When harvested, cocoa beans are naturally covered with a sticky cacao pulp, which allows lead to cling to the beans while they are being fermented and dried in the open in the tropical countries where cocoa is grown. The shells are removed at the beginning of the chocolate-making process.
Cadmium, on the other hand, can be found in chocolate and cocoa due to its presence in tropical soils where crops are cultivated and harvested. Cocoa trees absorb cadmium from soils via their roots and despot it into the nibs (or center) of the cocoa beans.
The Food and Drug Administration told CR that, “While the presence of cadmium and lead in chocolate has been the subject of considerable media attention, experts from around the world have found that chocolate is a minor source of exposure to these contaminants internationally.”

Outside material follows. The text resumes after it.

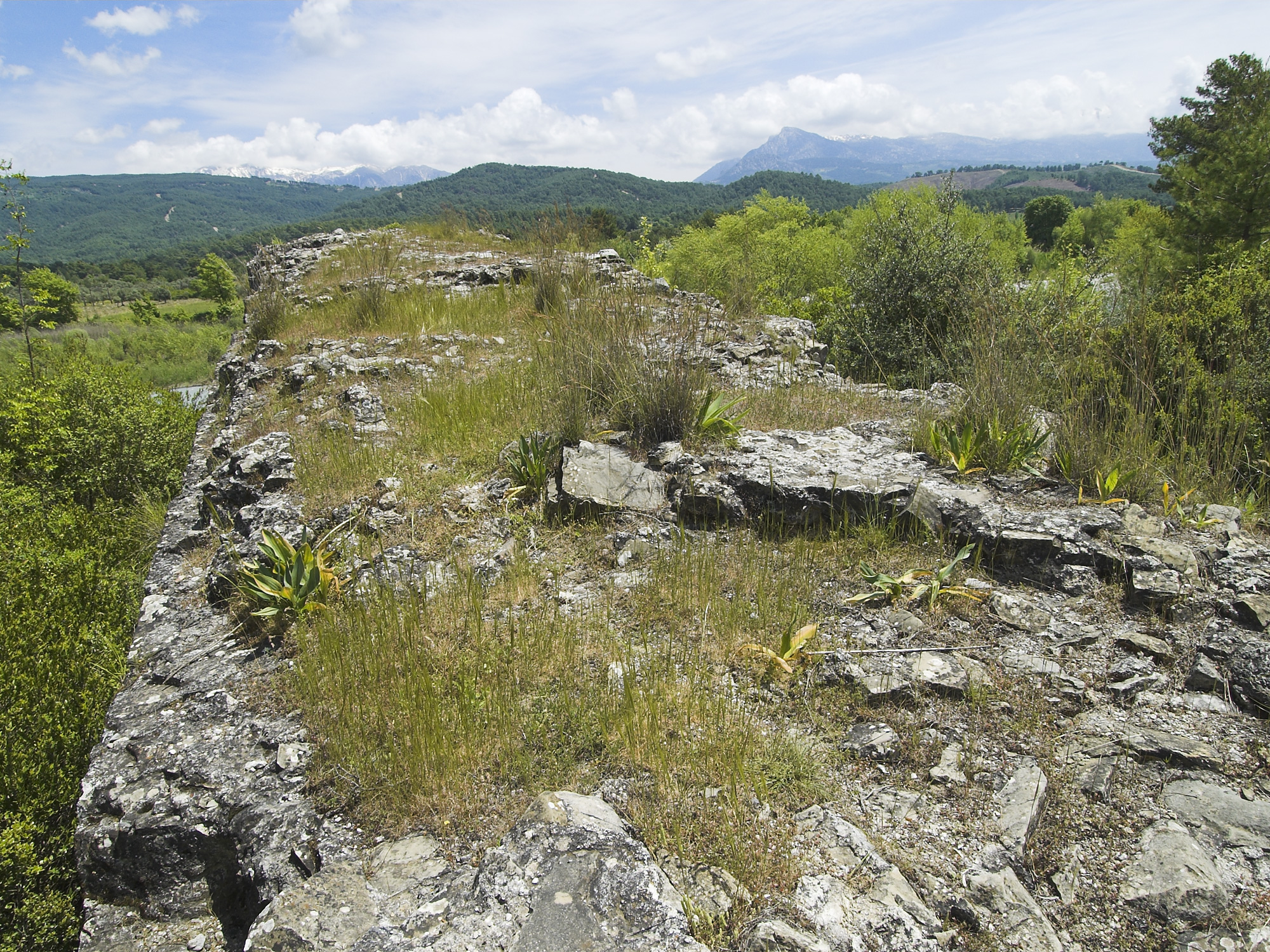 On the western ramp of the Bridge near Kemer, a Roman arch bridge over the Xanthos river (Koca Çayı) in Lycia, modern-day southwestern Turkey. The once bridged river is faintly recognizable through the Macchia.

Lead exposure is likely to occur when consuming a diverse diet that includes meat, fish, and vegetables. Meanwhile, in a 2019 study, people received the highest amounts of cadmium from food groups, including cereals and breads, leafy vegetables, and potatoes.
Additionally, Stolbach said, “If you make sure that the rest of your diet is good and sufficient in calcium and iron, you protect yourself even more by preventing absorption of some lead and cadmium in your diet.”
And it does appear that most consumers understand that candy is a treat. According to the CDC’s National Health and Nutrition Survey, people in the U.S. enjoy chocolate and candy two to three times per week, averaging just 40 calories per day.
Reducing lead in cocoa products likely comes down to changes in harvesting and manufacturing processes: decreasing soil contact, drying beans away from roadways, looking at protective covers, and even looking at ways to remove metal contaminants during the cleaning process at factories.
In her 2023 article, Food Science Babe shared potential solutions for reducing cadmium, which might involve genetically engineering plants to take up less cadmium or replacing older trees with younger ones since cadmium levels seem to increase as plants age.
Ultimately, like so many other things, the dose makes the poison. And, chocolate has been consumed safely for centuries.
The National Confectioners Association states, “Chocolate and cocoa are safe to eat and can be enjoyed as treats as they have been for centuries. Food safety and product quality remain our highest priorities, and we remain dedicated to being transparent and socially responsible.”
While heavy metals in food are certainly a concern, and growing and production practices continue to improve, reports like CR can serve to scare consumers by reducing the topic to a graphic used to scare consumers.